Date: February 17, 2025
Writing a syntax highlighter
Since, I have my own tool to convert Markdown text to plain HTML blogs,
which I am very proud of. The only thing it was lacking for my use case was a
syntax highlighter for the code that I share, which I have been planning to implement for months.
Implementation
Current implementation does a simple regex replace of a keyword, making use of <font> tag in HTML.
I have only added C support for now, since it's the only language I have touched for months now.

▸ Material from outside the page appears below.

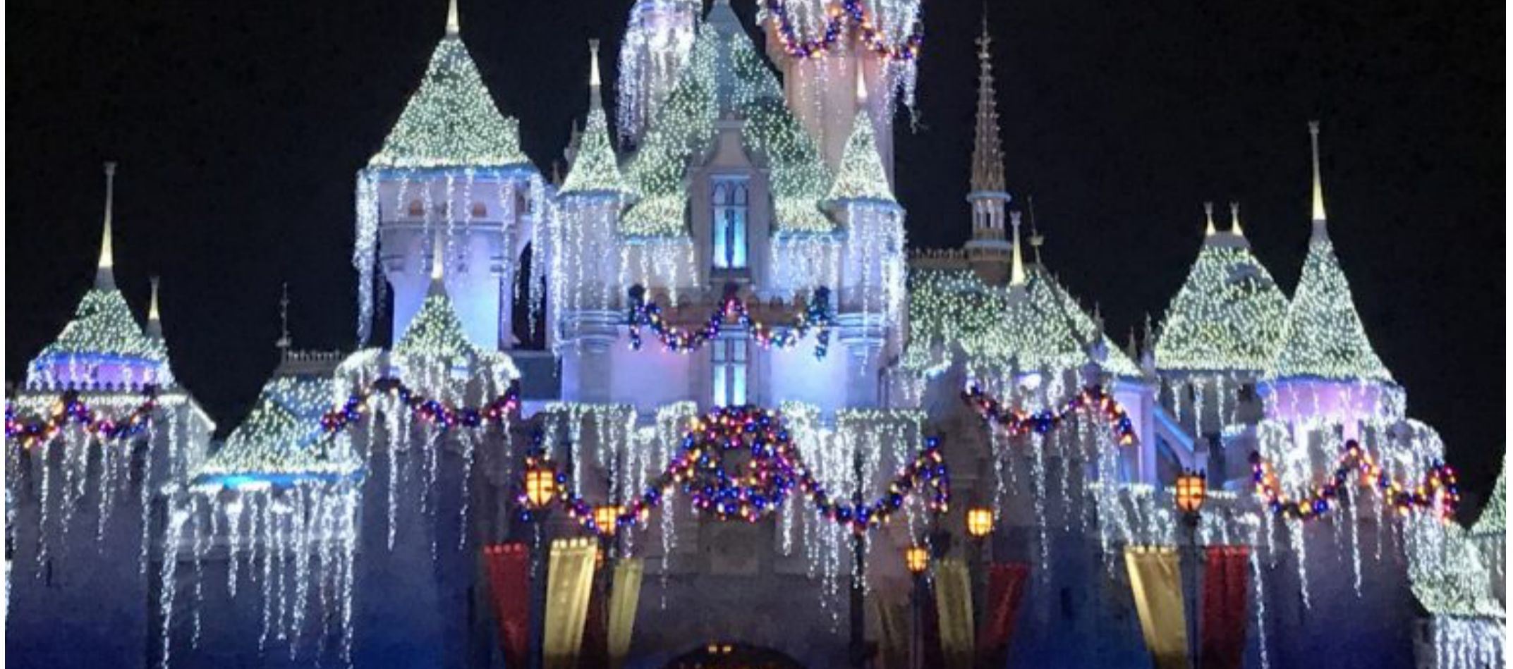
Holiday lights at Disneyland.

There’s no place like the House of the Mouse for the holidays. From the towering tree on Main Street to the bright-blue icicles dangling from Sleeping Beauty’s castle, Disneyland’s Christmastime conversion is always a stunning feat. The Haunted Mansion mashup of jack-o’-lanterns and Santa hats remains a most delightful nightmare carrying over from Halloween Time. It’s a Small World is just as shimmering with its season’s greetings décor inside as it is when the ride’s famed façade’s Christmas-colored bulbs light up at dusk. Add such decadent holiday treats as candy cane beignets and fun parades for kiddos to max the merriment. Remember to eat a gingerbread Christmas churro and thank a cast member! And good luck trying to find one of those Disney holiday-spirited jerseys while you’re there. 1313 Disneyland Dr., Anaheim; disneyland.disney.go.com . Check website for hours. Through Jan. 6, 2019. $97-$133.

There are some flaws with this implementation which you will be able to see below, that can be fixed by
handling edge-cases (a lot of edge cases) and by implementing a tiny lexer.
Code and example 😀:
/**
* C programming language
**/
static struct keyword c_keywords[] = {
{ "#include", "#E91E63" },
{ "#define ", "#E91E63" },
{ "for ", "#D84315" },
{ "while ", "#D84315" },
{ "do ", "#D84315" },
{ "break", "#D84315" },
{ "if ", "#D84315" },
{ "else ", "#D84315" },
{ "switch ", "#D84315" },
{ "continue", "#D84315" },
{ "return ", "#D84315" },
{ "int ", "#6A1B9A" },
{ "char ", "#6A1B9A" },
{ "float ", "#6A1B9A" },
{ "double ", "#6A1B9A" },
{ "long ", "#6A1B9A" },
{ "short ", "#6A1B9A" },
{ "unsigned ", "#6A1B9A" },
{ "signed ", "#6A1B9A" },
{ "void ", "#6A1B9A" },
{ "struct ", "#1565C0" },
{ "union ", "#1565C0" },
{ "enum ", "#1565C0" },
{ "sizeof", "#D84315" },
{ "typedef ", "#D84315" },
{ "enum ", "#D84315" },
};
static char *
highlight_keywords (char *codeblk,
struct keyword keywords[],
int n_keywords)
{
int size = 1000;
int count = 0;
char *highlighted = NULL;
char *ptr = NULL;
highlighted = malloc (sizeof (char) * size);
ptr = codeblk;
while (*ptr != '\0')
{
int i = n_keywords;
if (count == size - 1)
{
size <<= 2;
highlighted = realloc (highlighted, size);
}
if (isspace (*ptr))
{
highlighted[count++] = *ptr++;
continue;
}
for (i = 0; i < n_keywords; i++)
{
char *keyword;
keyword = keywords[i].str;
if (strncmp (ptr, keyword, strlen (keyword)) == 0)
break;
}
if (i < n_keywords)
{
char *cpy, *org;
char *strs[5] = {
"<font color=\"", NULL, "\">",
NULL,
"</font>"
};
strs[1] = keywords[i].color;
strs[3] = keywords[i].str;
cpy = &highlighted[count];
org = cpy;
for (int i = 0; i < 5; i++)
{
strcpy (cpy, strs[i]);
cpy += strlen (strs[i]);
count += strlen (strs[i]);
}
ptr += strlen (keywords[i].str);
}
else /* Not a keyword */
{
unsigned int index;
index = get_char_index (*ptr);
if (index != N_CHARS)
{
char *cpy = NULL;
cpy = &highlighted[count];
strcpy (cpy, chars[index].str);
count += strlen (chars[index].str);
ptr++;
}
else
{
highlighted[count++] = *ptr++;
}
}
}
highlighted[count] = '\0';
return highlighted;
}
TODO
- Highlight comments (because they are for reading)
- Highlight numbers (binary/hex/float/real)
- Handle precedence
in-short: Implement a tiny lexer